They’ve back, just when we might have dared to hope that we were safe the next wave of big-budget blockbusters with meaningless subtitles sweeps into cinemas. Just as Batman V Superman: Dawn of Justice failed to set the world alight by treating its material with undue reverence, Independence Day: Resurgence fails to set the world alight — while narratively doing exactly that — by treating its material with no reverence whatsoever.
The film sets out to reprise more or less exactly what it did twenty years before with little of the novelty, a touch more irony, and nary a decent speech to be heard. While in 1996 the wholesale destruction of world monuments was considered worthy of “oohs” and “aahs” aplenty, nowadays it barely merits a “meh”. World-threatening peril, by forces alien, natural, or of our own devising — or, in the case of X-Men: Apocalypse, mutants — are more or less the spectacle du jour. As Jeff Goldblum’s wryly startled David Levinson notes amid plummeting skyscrapers and, one would assume, the attendant loss of human life, “They always go for the landmarks.”

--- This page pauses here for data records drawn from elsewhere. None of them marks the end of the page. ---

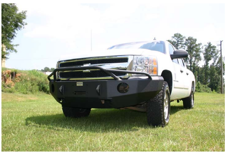
Congratulations! Your bumper installation is now complete. Thank you for your purchase.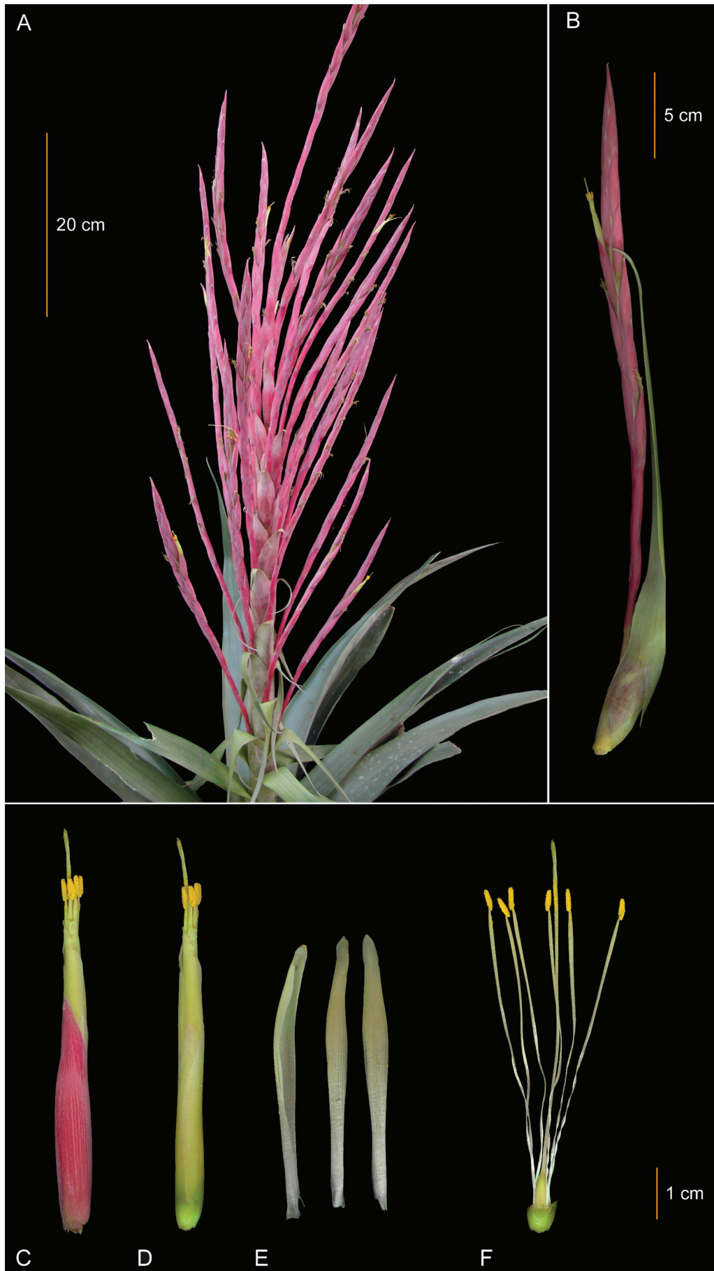
FIGURE 1. Tillandsia religiosa A. Inflorescence. B. Spike with primary bract. C. Flower with floral bract. D. Flower. E. Petals dissected. F. Androecium and gynoecium.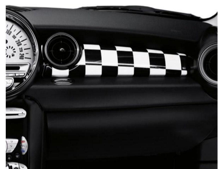
Dashboard Checkered Flag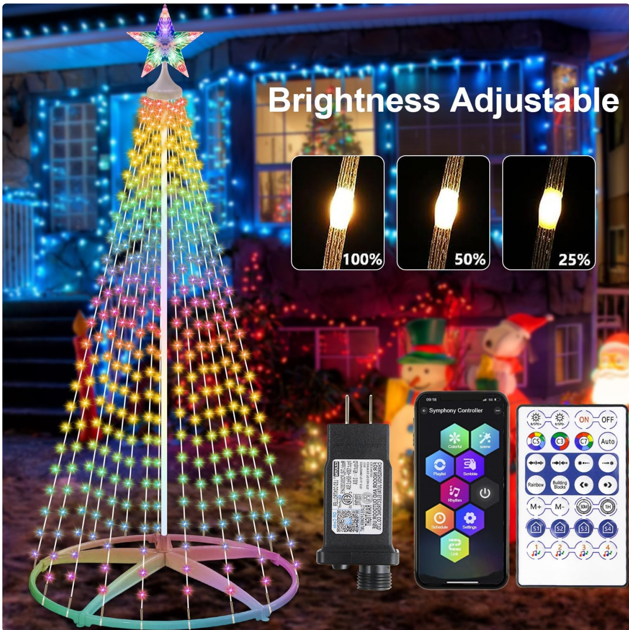
Figure 2: Included components of the LED Cone Tree Light.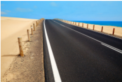
4 - Corralejo - - 0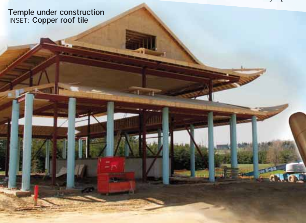
Temple under construction INSET: Copper roof tile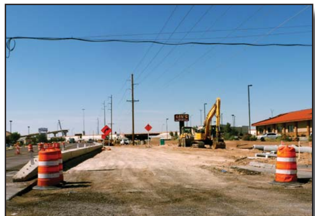
Above: Removing existing asphalt on southbound Zaragoza. The contractor is also installing new drainage lines in the right-of-way.

TxDOT is still finalizing the change order for the revised traffic control plan and associated costs. It is anticipated that the change order will be made available for CRRMA review during October.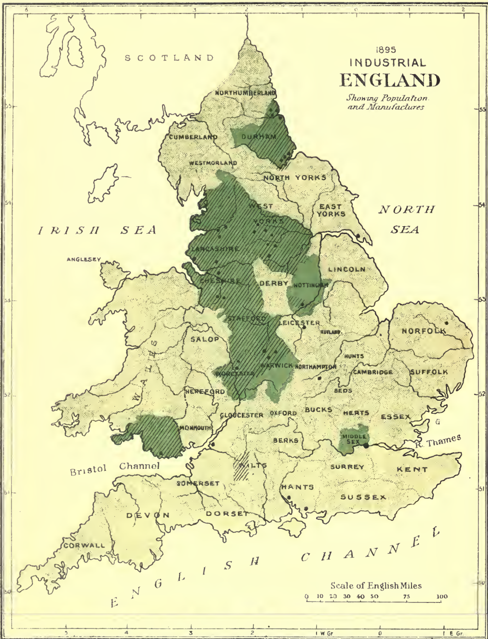
Manufacturing districts are shown by slanting lines large manufacturing towns by black circles, and the most populous counties are coloured darker than the others. It will be noticed that population since 1750 has shifted very much to the North and North West of England, whilst manufactures are far more concentrated than formerly. (Compare the Map opposite page 350)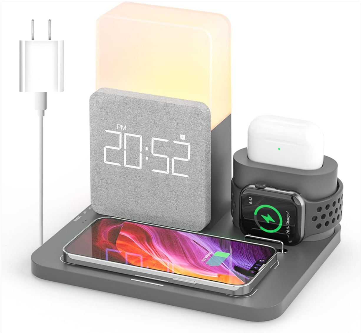
Image: The charging station with a smartphone, smartwatch, and earbuds placed on their designated charging pads, indicating active charging.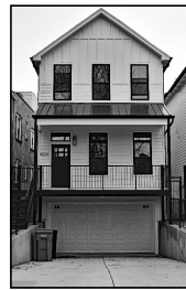
SOLD 4024 W BELLE PLAINE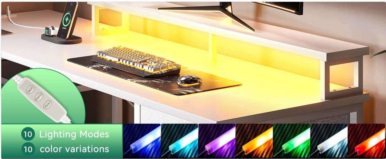
Image: The long monitor stand, designed to promote ergonomic posture and comfortable viewing.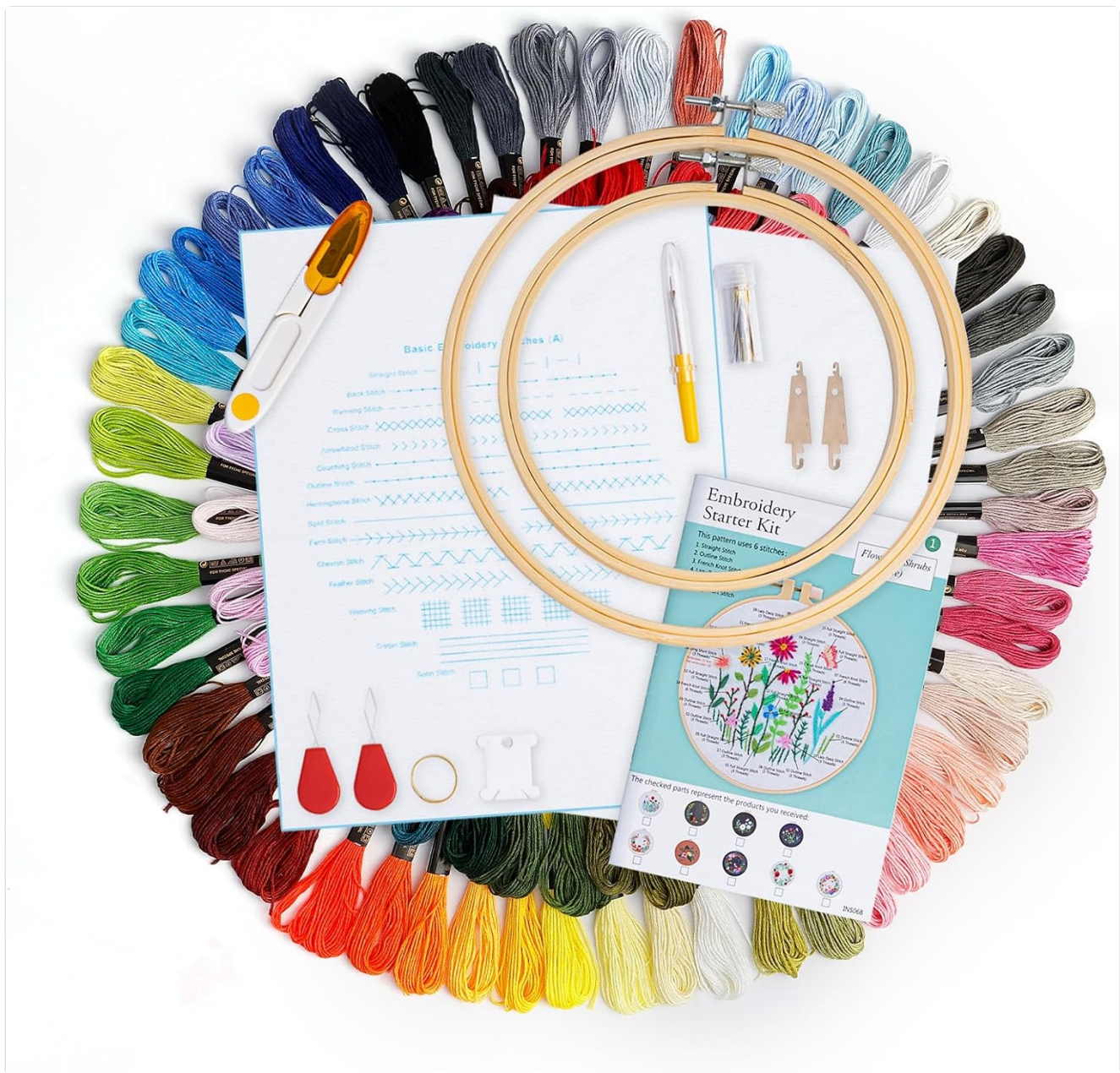
Image: The Caydo Embroidery Kit, featuring two embroidery hoops and a wide selection of threads.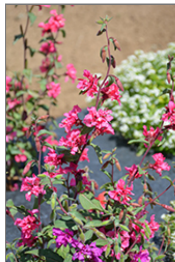
Sriracha Rose Cuphea flowers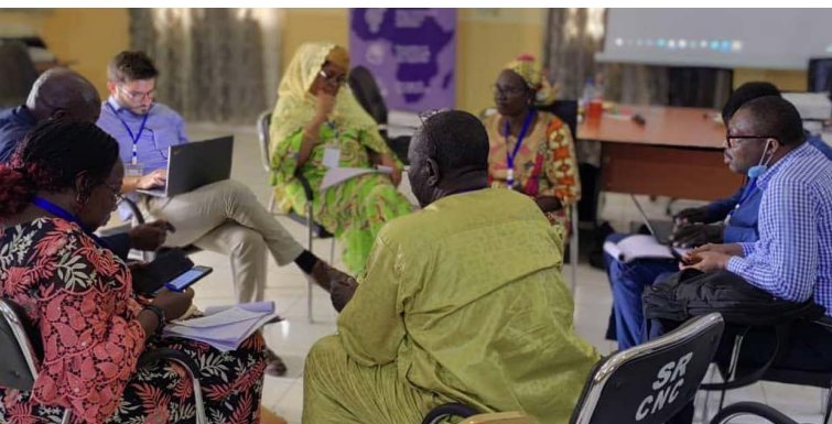
IIEP training on gender-responsive educational planning in N'Djaména, Chad, September 2022

In November 2022, IIEP UNESCO Dakar held a five-day course for 35 education officials from the Ministry of Basic and Senior Secondary Education (MBSSE) and the Ministry of Technical and Higher Education (MTHE) in Sierra Leone . The training, requested by the MBSSE, focused on gender-responsive education planning and statistics and strengthened the capacities of education officers to understand and explain the issues of gender equality in and through education, to identify and analyze the factors that lead to gender disparities in education and understand the links between gender norms and gender disparities in education, and to identify relevant indicators (quantitative and qualitative) and data sources, and be able to use them for analysis.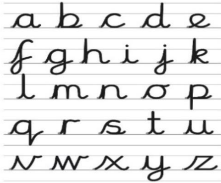
Cursive Lower Case Letters

of pictures. Please see below for the Year 1 and 2 Common Exception Words (these are words children in year 1 should be able to accurately spell and read fluently) and the cursive lower case letters. Practising these regularly at home will better support your child to develop.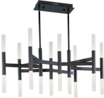
39754FTBZ Pinnacle LED 18-Light Pendant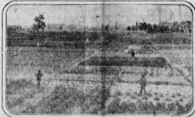
This is the War Garden Planted by Workers in a Boise Plant

HELPING to increase our export food stocks, war gardens will be planted this year in greater numbers than ever before. Each American family that has a garden plot is being urged to become more nearly self-sustaining by making use of it. This will render a national service by lessening the burdens on our railroads. Fewer carloads of food hauled about the country means more cars of munitions and food sent to seaboard for the Allies.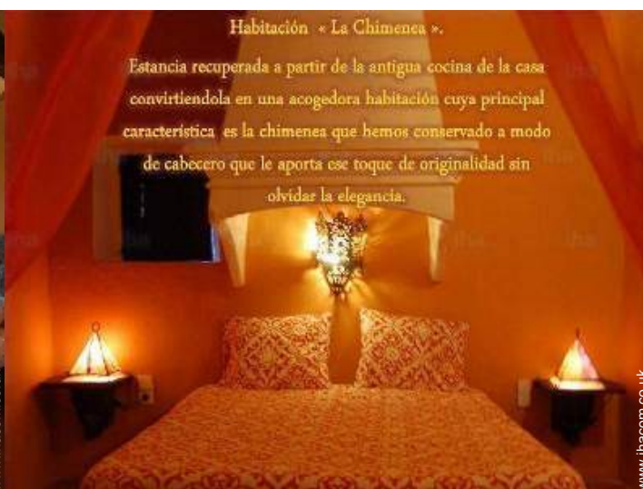
Habitación « La Chimenea ».

Estancia recuperada a partir de la antigua cocina de la casa convirtiéndola en una acogedora habitación cuya principal característica es la chimenea que hemos conservado a modo de cabecero que le aporta ese toque de originalidad sin olvidar la elegancia.

In all fairness, the dead do cast a large shadow over Independence Day: Resurgence; mostly in that the film’s younger generation (Liam Hemsworth’s cocky maverick, Jake; Jessie Usher’s too-earnest-to-be-quite-cool Dylan Hillier; Maika Monroe’s would-be Ripley, Patricia; ) can’t hold a candle to Will Smith’s cigar-chomping, alien-belting war hero from the first film. A lack of star power (or willingness to invest in it) doesn’t help counter the impression that this is primarily a cash grab.
There’s a utterly subsidiary Chinese pilot, played by model-actress-singer Angelababy, who — despite serving as a would-be love interest for Travis Tope’s cheerfully dweeby Charlie — feels like a calculated play for a wider audience. Brent Spiner runs around dementedly in his undies with a matted white mane of hair and Bill Pullman salvages sound dignity as the shellshocked former Prez. The alien mothership may be substantially bigger, there are katana-wielding African warlords and magic spheres, but even the film’s high-tech lunar base feels like a case of Ender’s Again? For all of the heroic sacrifices none of them mean very much.
This is Independence Day: Regurgitated*, a thin, warmed-over gruel that even the prospect of an intergalactic sequel can do little to infuse with any flavour.
3.5 out of 10
* Thanks to Amarpal Biring for that one.